Week 8 Flashcards
What does correlation tell us?
About the degree of association between two variables
What is the regression equation used to do?
Express the relationship between 2 or more variables, therefore allowing us to estimate one variable on the basis of another
What is testing for statistical significance of the regression slope and how is it done?
Tests if regression coefficient is significantly different from 0.
1) find r and b
2) set hypothesese (H0: β=0)
Rest of normal steps, use t distribution
t = (b-0)/s
Where s is standard error of slope estimate
3 methods to tell us coefficient is significantly different from 0?
Use confidence intervals for coefficient
Statistical test using t-dist.
Use p-value
What is the p-value?
The exact level of α at which the null hypothesis will be rejected
Same as:
Probability of being wrong if we reject H0
What is the decision rule in hypothesis testing when only given p-value and α?
Reject null hypothesis if p-value
What does the coefficient of determination measure?
It measures the proportion of total variation in the dependent variable (y) that is explained by the variation in the independent variable (x)

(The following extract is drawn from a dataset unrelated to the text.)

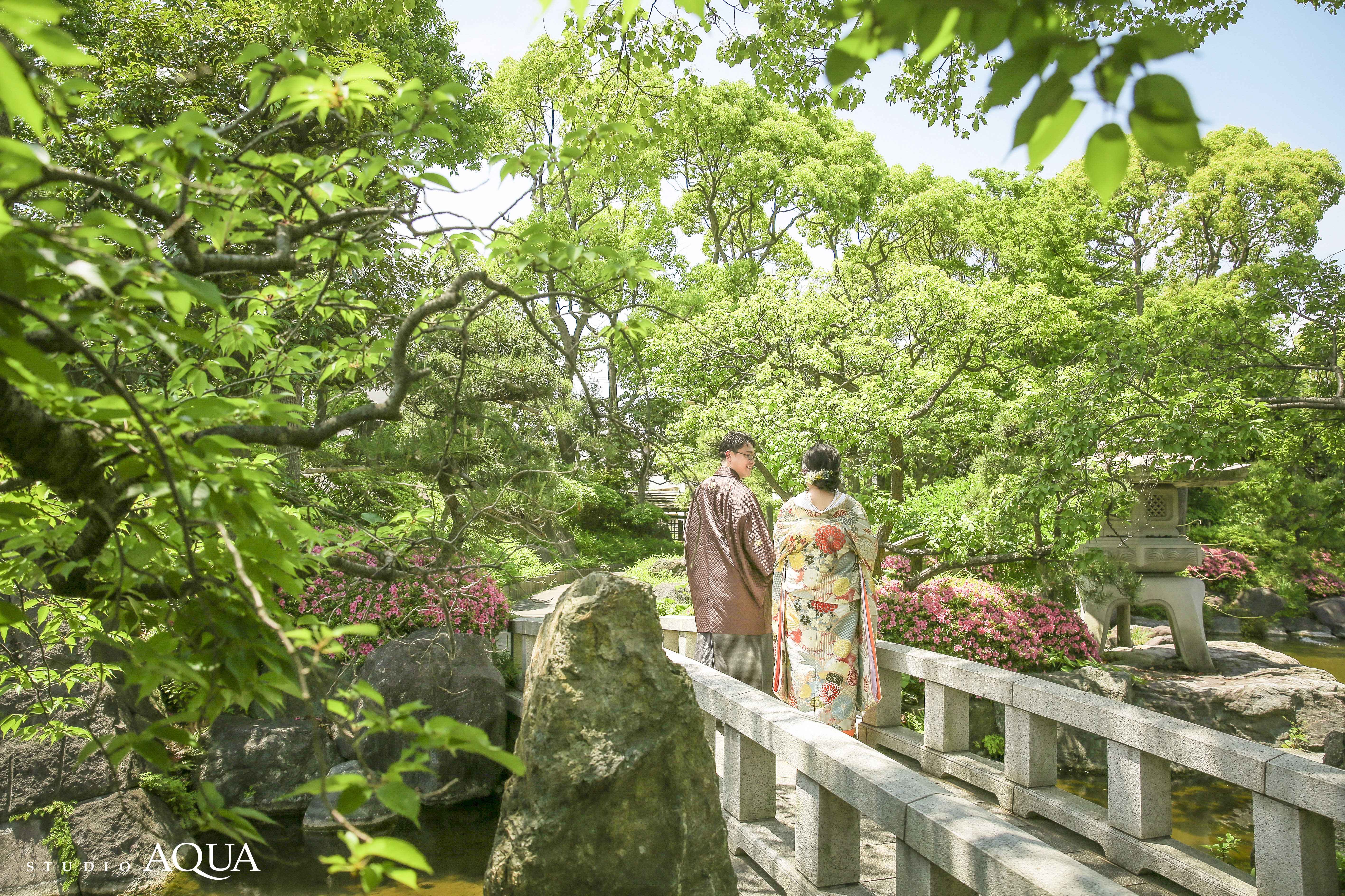 本格日本庭園を再現したスタジオで撮る 和装の結婚写真

How to calculate R^2 if there is only one independent variable?
R^2 = r^2
How to calculate R^2 if more than one IV?
R^2 = SSR/SStotal = 1 - SSE/SStotal
SStotal = Σ(Y-Ybar)^2 SSR = Σ (Yhat-Ybar)^2 SSE = Σ (Y-Yhat)^2
What does the regression output give?
An estimate of the joint significance of all variables.
How to test goodness of fit? (Which test?)
F test
3 ways to analyse real data regression output?
Look at (+/-) sign and significance of the coefficients
R^2
F statistic
Different parts of multiple regression equation? (5)
x = independent variable b = regression coefficient a = y-intercept k = number of independent variables y = dependent variable
Equation used to test for significance of coefficients and DofF?
t = (b-0)/s
DofF = n - (k+1)
n = number sampled
k = number IVs
+1 is to account for constant ‘a’
T-dist. test
What are control variables and why?
Variables put in for the purpose of excluding possible alternative explanations for significant relationships between y and the variable(s) of interest.
By including more CVs in the regression equation, this allows us to analyse the relationship between one of the variables and y.